Os conflitos são classificados em quatro categorias, de acordo com as forças


em luta. A primeira envolve dois ou mais Estados. As demais são disputas internas:
guerra civil ou guerrilha para mudança de regime; separatista resultante de ocupação
estrangeira; e separatista no interior de um Estado. Os conflitos podem também ter forte
conotação étnica ou religiosa. A guerra civil no Afeganistão, por exemplo, opõe
fundamentalistas muçulmanos da milícia Taliban (patane) a grupos islâmicos de outras
etnias (tadjique, uzbeque e hazará). A origem religiosa distinta é fonte de tensão no Sri
Lanka, onde tâmeis (hinduístas) e cingaleses (budistas) estão em luta desde os anos 80.

Estes acontecimentos ressuscitaram a inquietante pergunta acerca da relação


entre violência, guerras e religiões.
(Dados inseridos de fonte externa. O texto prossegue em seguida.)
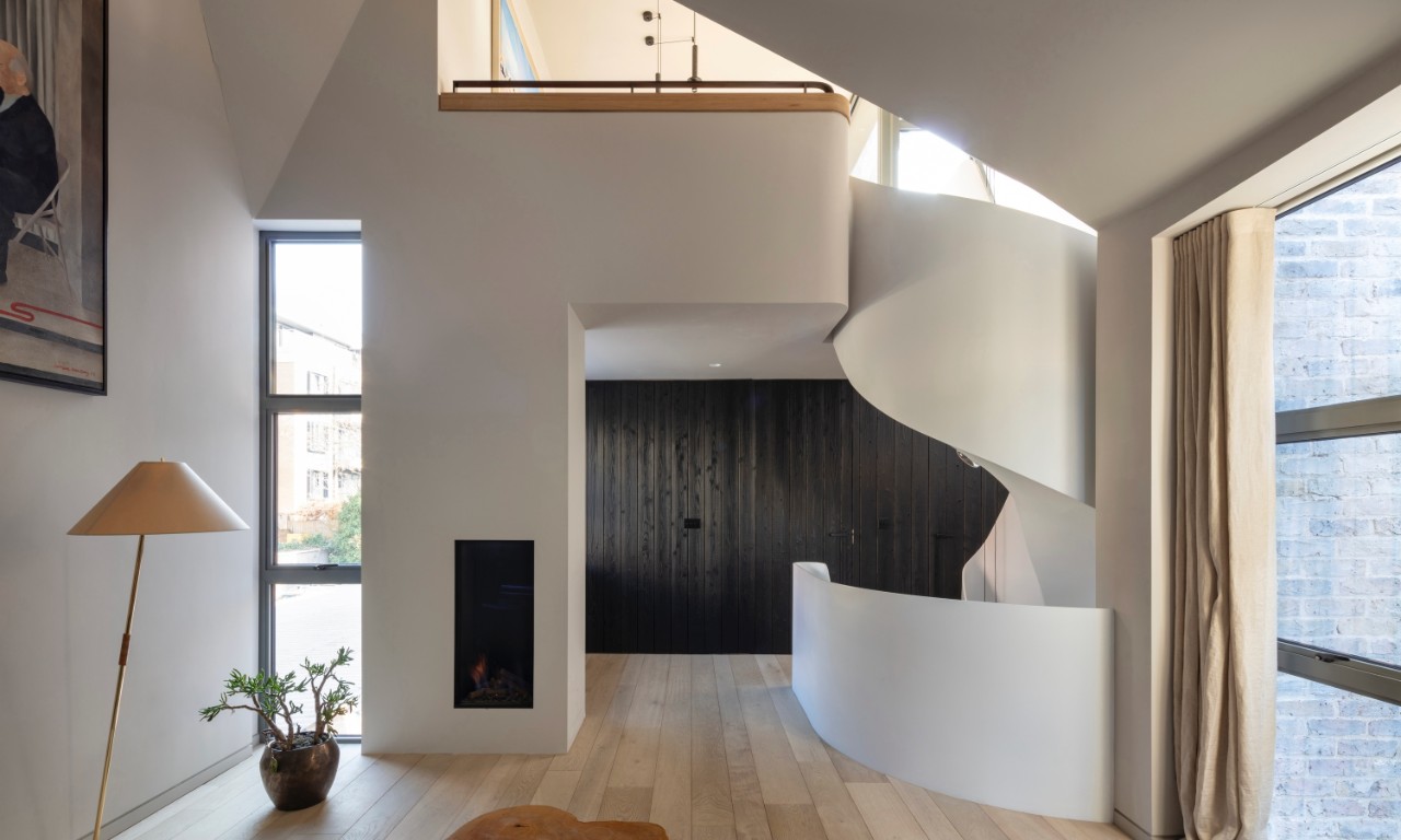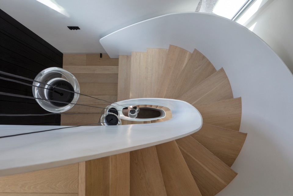 Il fulcro dell'abitazione trasformata è uno spazio aperto a doppia altezza, caratterizzato da una scala a chiocciola tailor-made che collega i tre piani, dando vita a una continuità tra le diverse aree della casa seppur poste su più livelli. La scala – un “vortice scultoreo di spazio illuminato a giorno” – grazie alla sua forma organica, diventa il cuore pulsante dell’abitazione, contribuendo a rompere la rigida geometria di una casa londinese dei primi del Novecento.

Seriam elas fator de paz ou contribuiriam para
agravar tensões e conflitos, com um componente explosivo, pois falam em nome de
Deus e trabalham com a noção de absoluto inclusive ético?

Este clichê, “guerra de religiões”, passou então a ser usado como chave de
leitura para muitos outros conflitos contemporâneos.
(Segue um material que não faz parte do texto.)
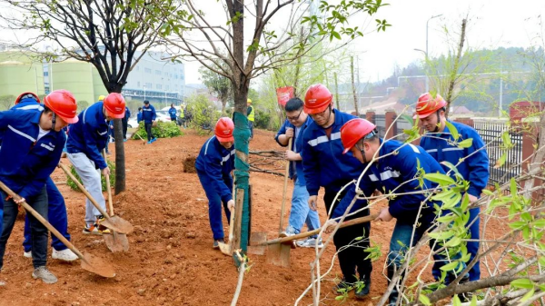 銅仁(上市主體)產(chǎn)業(yè)基地工會(huì)開展了植樹節(jié)相關(guān)活動(dòng),工會(huì)領(lǐng)導(dǎo)班子號(hào)召?gòu)V大員工參與到愛護(hù)園區(qū)環(huán)境的行動(dòng)中,來自原料廠區(qū)、材料廠區(qū)、環(huán)保廠區(qū)、職能部門的員工代表參加了植樹活動(dòng),為園區(qū)增添新綠。

O da Irlanda do Norte, por exemplo, em que distritos de maioria católica desejam
separar-se dos outros de maioria protestante e juntar-se à República da Irlanda, vem
sendo descrito como uma guerra entre “protestantes e católicos”.
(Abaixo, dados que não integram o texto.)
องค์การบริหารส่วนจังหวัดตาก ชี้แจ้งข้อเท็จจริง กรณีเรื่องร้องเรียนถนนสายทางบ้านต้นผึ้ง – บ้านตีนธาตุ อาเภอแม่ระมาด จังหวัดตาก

O choque “palestino-israelense”, por conta das terras palestinas ocupadas pelo Estado
de Israel, a partir de 1948 e, sobretudo depois da guerra dos seis dias, em junho de
1967; por conta de 4,5 milhões de refugiados palestinos, com direito a retornarem ao
território de onde foram expulsos; por conta das quase trezentas colônias judaicas
implantadas ilegalmente nas escassas terras palestinas; por conta da difícil repartição da
água, bem essencial, escasso e mais caro do que o petróleo na região; por conta do
impasse sobre Jerusalém, cidade santa para judeus, cristãos e muçulmanos; por conta
enfim da terrível violência mútua, onde o terrorismo virou uma arma contra civis
israelenses, reprimido, por sua vez, com inaudita violência, num verdadeiro terrorismo
de estado, por parte de Israel, tudo isso, é simplificada mente descrito como um embate
entre “judeus” e “muçulmanos”.
Na atual guerra de desgaste entre Índia e Paquistão, pela posse do Cashemira,
região de maioria muçulmana, mas sob administração da Índia, numa parte; do
Paquistão noutra, e da China, numa terceira, os oponentes são descritos como “hindus”
de um lado e “muçulmanos” do outro.
Nos sangrentos conflitos na ex-Iuguslávia, e na “limpeza étnica” ali praticada
uns contra os outros, com o fito de criar territórios etnicamente homogêneos, os sérvios
eram, sem mais, identificados como “ortodoxos”; os croatas, como “católicos”; os
kosovares e a maioria dos bósnios, como “muçulmanos”.
Os conflitos no Sri Lanka, onde a minoria Tamil luta por autonomia na região norte do
país, vêm sendo qualificados como choque entre “budistas” e “hindus”.
Na Indonésia, de modo particular, no Timor Leste, as lutas pela independência da ex-
colônia portuguesa apareciam como confronto entre “muçulmanos” e “católicos”.
Do mesmo modo, no Sudão, a guerra que move o governo de Khartum contra
as populações do sul do país, vem sendo caracterizada como confronto entre
“muçulmanos” e “cristãos”.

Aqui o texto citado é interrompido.